A bushfire that started after a lightning strike near Tordit-Gurrup Lagoon, 60km east of Manjimup, is likely to smoulder for many more months – until the next significant rain event.

Department of Parks and Wildlife (DPaW) incident controller Brian Moss said the fire was burning in peat in a remote area of Lake Muir Nature Reserve, which presented a number of challenges for fire crews.

This is a peat fire, which is a build-up of decaying plant matter that forms in wetlands, and because peat burns underground it is near impossible to extinguish,” he said.

“The difficulties we’ve experienced in this case highlight the complexities of firefighting – it’s not just about grabbing a hose or dumping water from the air.

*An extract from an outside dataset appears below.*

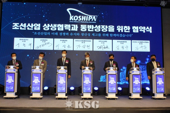 한편, 이날 행사에 참여한 현대중공업 대우조선해양 삼성중공업 현대삼호중공업 현대미포조선 등 5개사 대표와 한국조선해양플랜트협회장, 조선5사 사내협력사연합회장 등 조선업계는 조선업의 지속가능한 생태계를 조성하고, 미래 지향적 상생협력과 동반성장을 위해 ‘조선산업 상생협력과 동반성장을 위한 협약’을 체결했다.

“Our fire crews have created trenches to prevent the fire spreading and to separate the burning sections, and we used a helitac and water bombers to assist ground crews when the fire was at its most intense to ensure the area remained wet.

Mr Moss said a similar bushfire had burnt for five months from October 1987 until February 1988 in almost exactly the same area.

“We were able to apply the knowledge we gathered as a result of the 1987/88 fire, which allowed us to quickly do an assessment and make decisions on the best way to tackle the fire,” he said.

“Twenty-six years ago, fire crews were forced to build trenches by hand. This time we had the luxury of earth-moving machines but it will still take some time and we will probably need to continue monitoring the fire well into next year.”

The bushfire is now controlled and it has burnt approximately 80 hectares.